Organic evolution is the theory that contemporary plant and animal species have evolved from pre-existing forms, with observable differences between ancestors and descendants arising from modifications across successive generations. While Charles Darwin (1809–1882) is often associated with this theory, he did not originate the idea. Earlier thinkers, such as the French zoologist Jean Baptiste de Lamarck (1744–1829), a pioneer in invertebrate palaeontology, and Erasmus Darwin (1744–1802), Charles's grandfather, also considered it. However, the concept of organic evolution did not gain widespread acceptance before Charles Darwin's time due to a lack of crucial data and the absence of the Huttonian idea of geologic time, both essential for supporting evolutionary theory. Charles Darwin's significant contribution was the introduction of a mechanism—natural selection—that explained how evolutionary changes could occur.
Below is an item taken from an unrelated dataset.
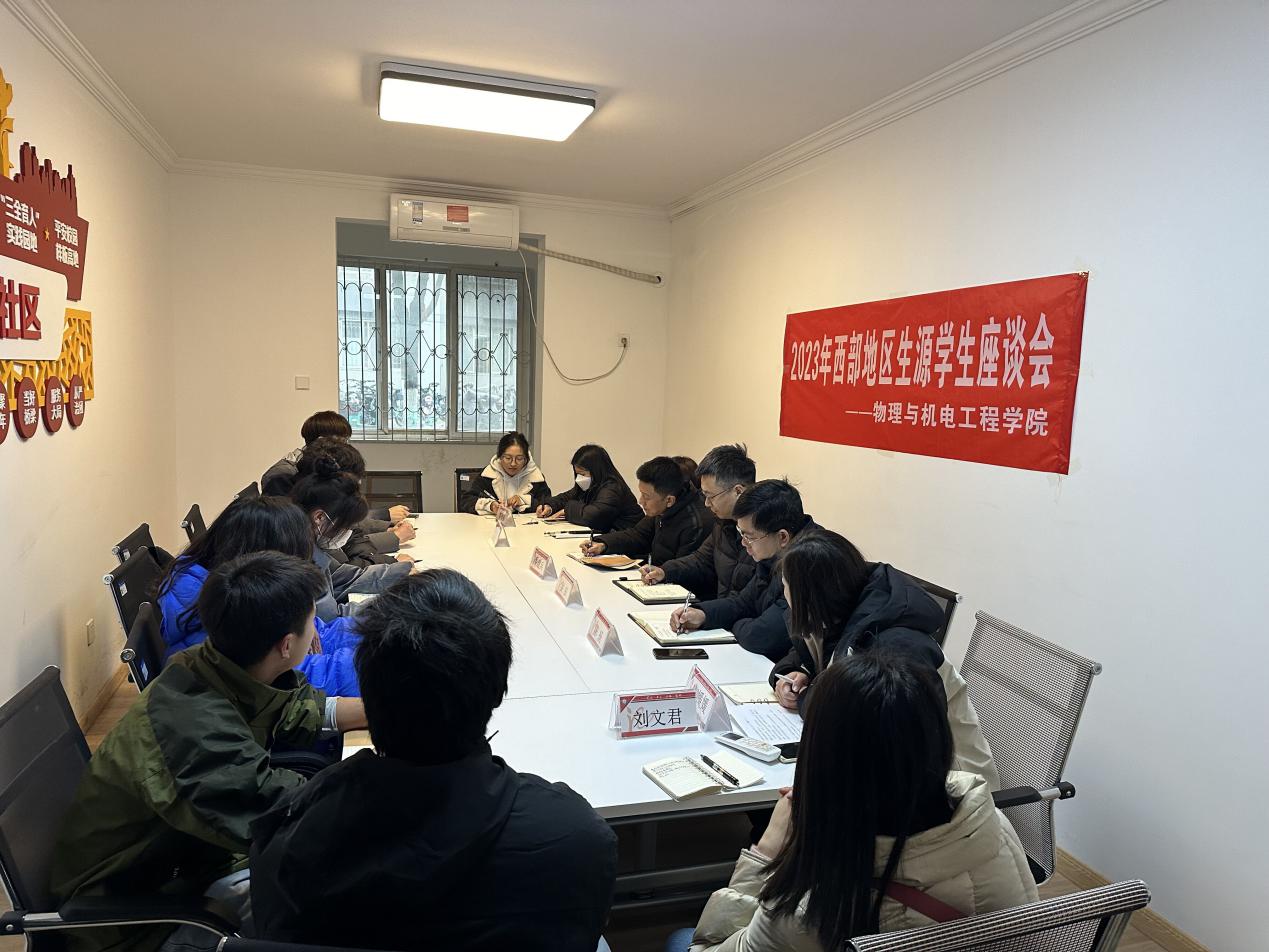 本网讯(通讯员 刘诗怡 )为了解西部地区生源学生在校学习生活情况,更好的服务学生成长,12月13日中午,物理与机电工程学院(以下简称“物机学院”)在西三“一站式”学生社区举办西部地区生源学生座谈会。物机学院党委书记吴田、党委副书记陈扬、副院长吴建兵、辅导员刘文君、刘方芳、廖雨彤及西部学生代表参加座谈会。学工办主任冯媛媛主持会议。

2.0Organic Evolution Definition

This theory suggests that environmental conditions in nature are constantly changing. Organisms possess an inherent ability to adjust to these changing conditions, a trait known as adaptability or adaptation. These adaptive changes in organisms drive the evolution and the emergence of new species. As these changes result from adaptations, the newly formed species are typically better adapted and more organized than their ancestors.

3.0Theories of Organic Evolution

Lamarckism/theory of inheritance of acquired characters 

A French naturalist proposed the first logical theory of evolution, Jean Baptiste de Lamarck (1744-1829) 

Book: Philosophie Zoologique (1809)

Basic concepts of Lamarckism- 

(i) Internal vital forces: Due to some internal vital forces, all organisms tend to increase the size of their organs or entire body.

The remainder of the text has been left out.